You can object to Hikos processing your personal data. Under certain circumstances Hikos must comply with this objection. In these circumstance, Hikos will then no longer process this personal data for the purpose to which you have objected. It may well be that Hikos continues to process the personal data for another purpose, such as for the execution of an agreement with you or to comply with a minimum retention period. If this is the case, we will inform you.

When we process your personal data for direct marketing purposes, we will always comply with your filed objection. For example, unsubscribing from newsletters or other direct marketing communications.

After you have submitted a request to us in which you indicate that you wish to exercise a privacy right, you will first receive a confirmation of receipt from us. We may then ask for additional information, for example, to verify your identity. Or we may immediately respond substantively to your request. We will then indicate whether or not we will comply with your request, and if not, why not.

We deal with all privacy requests without delay and in principle no later than one month after receipt. However, we may need longer, for example due to the complexity and the number of requests we receive.
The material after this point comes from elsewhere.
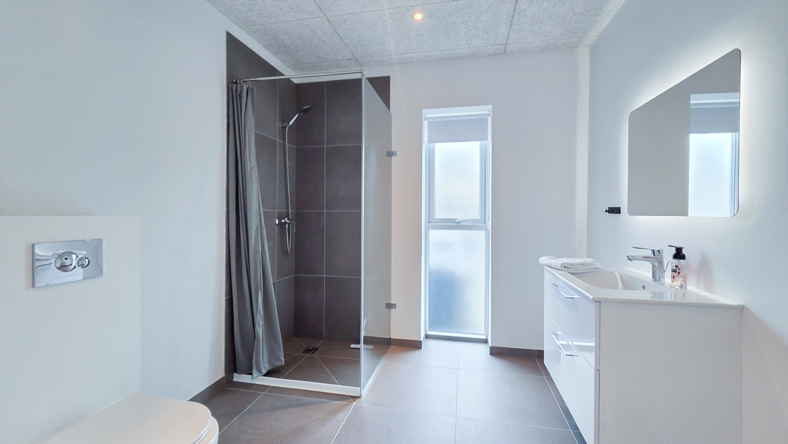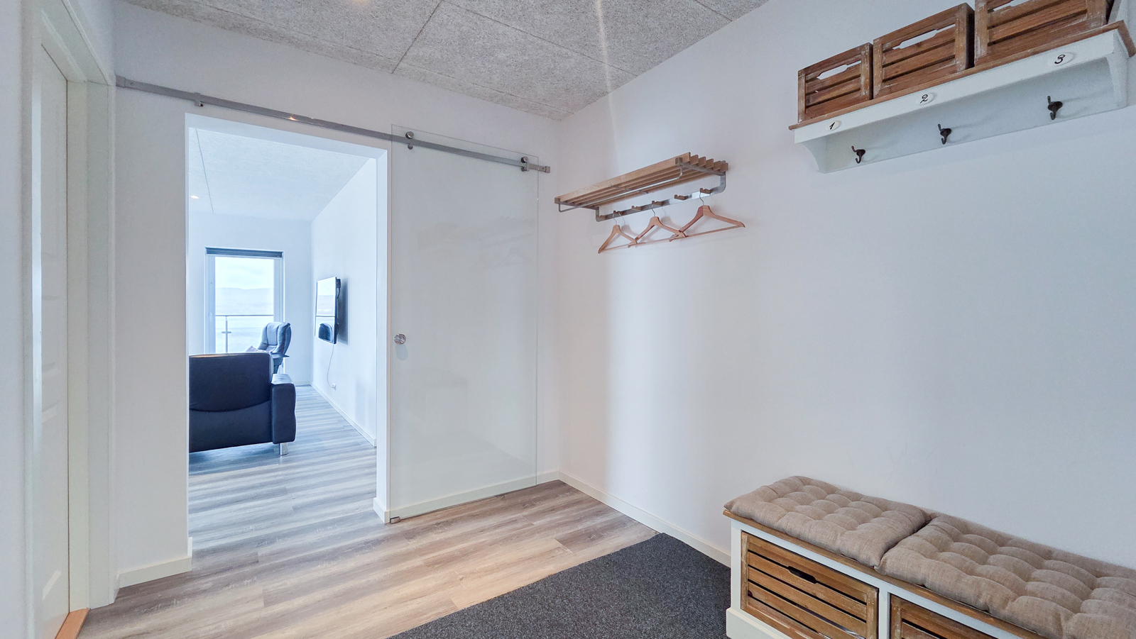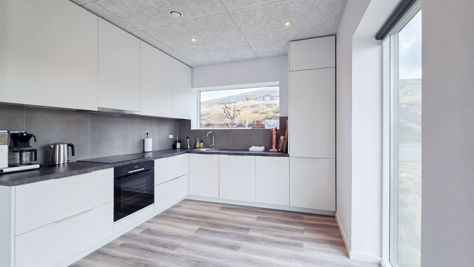 Íbúðin, ið er spildurnýggj (árg. 2024), er ljós og rúmlig, hon hevur 3 kømur og eitt baðirúm, umframt stórt alrúm v/altan. Harumframt er eitt teknikrúm. Íbúðin er næstan ikki brúkt, og framstendur hon sum spildurnýggj. Ognin er staðsett í friðarliga umhvørvinum uppi á Kvíggjarvegi. Harafturat er útsýnið einastandandi gott.

If that is the case, we will inform you that we need extra time (up to a maximum of 2 additional months). We will inform you about this delay as soon as possible and no later than one month after receipt of your request and will then respond substantively within three months after receipt of your request.

Cookies

Hikos uses cookies on its website. A cookie is a small text file that is stored on your computer by a web browser. You can block or adjust the use of cookies by adjusting the settings in your web browser. However, this can affect the functioning of the website. For more information, see our Cookie Statement.

Google Analytics

Hikos uses Google Analytics. Hikos has followed the privacy-friendly setting of Google Analytics manual of the Dutch Data Protection Authority in order to set up Google Analytics in a privacy-friendly manner and thus comply with the General Data Protection Regulation. Hikos has concluded a processor agreement with Google. In addition, the last octet of the IP address is masked. In the settings of Google Analytics, ‘data sharing’ has been turned off.

Third-party websites

Our website may contain hyperlinks to websites of other parties. We are not responsible for the content of those website or their services. Nor is Hikos responsible for the privacy policy and the use of cookies on those websites.

Contact

If you have any questions, comments or a complaint about the way we handle your personal data, you can contact us at [email protected] or 020 -2117206. You can also submit a complaint to the Dutch Data Protection Authority. We suggest and very much appreciate if you first give us the opportunity to find a solution to your complaint.

Changes

This privacy statement can be changed. We recommend that you consult this privacy statement from time to time. You will be actively informed about material changes where appropriate.